Sunday, January 24, 2010
Great players define and embrace toughness
From the Evansville Courier Press, January 24, 2010
Jay Bilas has a great reference point when it comes to competing at a high level of sports — he played basketball at Duke University, and after his playing career ended, joined Coach Mike Krzyzewski's coaching staff. He has since parlayed his playing and coaching career into a role as one of ESPN's top college basketball analysts.
He wrote an article on ESPN.com last year (http://insider.go.com/ncb/insider/columns/story?columnist= bilas_jay&id=3868904) that still draws references 12 months later. It hit on a topic that every coach stresses with players — toughness.
I've been shocked about how many coaches from different sports at all levels had read the article and were able to draw from their own experiences.
"... in almost coordinated fashion, I would watch games and see player upon player thumping his chest after a routine play, angrily taunting an opponent after a blocked shot, getting into a shouting match with an opposing player, or squaring up nose-to-nose as if a fight might ensue," Bilas wrote. " I see players jawing at each other, trying to 'intimidate' other players. What a waste of time. That is nothing more than fake toughness, and it has no real value.
"I often wonder: Do people really understand what coaches and experienced players mean when they emphasize "toughness" in basketball?

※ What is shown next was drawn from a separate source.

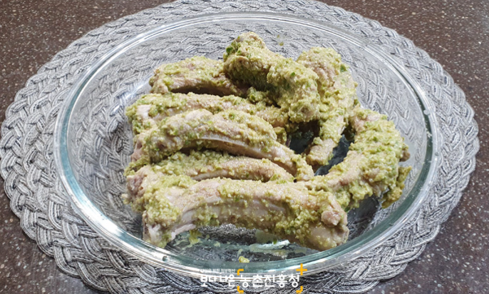 3. 데친 등갈비와 풋고추 페스토를 잘 버무린 뒤 랩을 씌워 냉장실에서 30분 정도 숙성시킵니다.

Or is it just some buzzword that is thrown around haphazardly without clear definition or understanding?"
Bilas said that while he came to college thinking toughness was based on the physical, he realized that it had more to do with the mental. I was always taught that strength could be measured in a weight room, but that toughness was measured by what was inside of you — it wasn't measured in a soccer player's ability to kick someone on the other team, but in his ability to get kicked and keep playing; it was not whether you were knocked down, but in your resolve that allowed you to get back up.
Bilas also referenced that he thought toughness was a skill, and as a skill, could be developed and improved. He even created a list of items that he thought were a way that toughness was exhibited in basketball.

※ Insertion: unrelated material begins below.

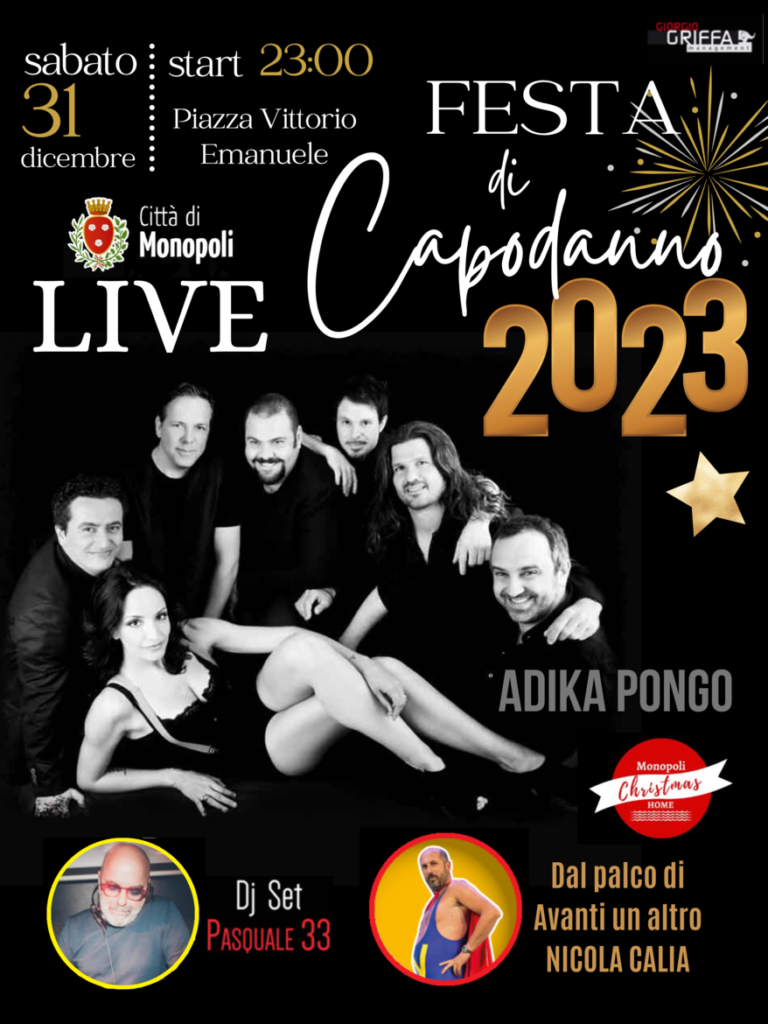 Con il borgo illuminato a festa con il grande albero di Natale, la pista di pattinaggio sul ghiaccio e il Castello di Babbo Natale, nella notte più festosa dell’anno, la Città di Monopoli darà il benvenuto al nuovo anno con la musica degli Adika Pongo, il dj set di Pasquale 33 e l’animazione di Nicola Calia.

Soccer Journal editor Jay Martin had recently taken the lead from Bilas' article and created his own list of items that displayed toughness in soccer. Some of the key items were:
— Talk on defense: A tough player talks and communicates with teammates while defending, and is so focused on winning that he/she is not only worried about the player that they are guarding, but on helping their teammates as well.
— Play so hard your coach has to take you out: Tough players work so hard that they need to be rested. The toughest players don't pace themselves. Watch the University of North Carolina's women's team —when some of coach Anson Dorrance's players come off the field, they need oxygen. They are a 'tough' team, and it is no coincidence that they compete for a national championship every year.
— Take responsibility for your teammates: Tough players take responsibility for themselves as well as others. If the bus leaves at 9:00 a.m., tough players make sure they and their teammates are on time.
— Get out of the comfort zone: A tough player knows that soccer is a game played when tired and sore. When tough players feel like they don't want to run any longer, they run harder.
— Take and give criticism the right way: Tough players take criticism without feeling they have to answer back or come up with an excuse. They want to get better. Tough players are not afraid to tell teammates what they need to hear.
— Show strength in body language: Tough players project confidence and security. They don't hang their heads; they don't argue with officials. Look coaches and teammates in the eye: Tough players never drop their heads. They always look their coach in the eye, because if the coach is talking, it is important to them.
— Make every game important: Tough players know that if they want to reach a championship game at any level they must play every game like it's a championship game.
As Michigan State basketball coach Tom Izzo says: "Players play the game, but tough players win the game."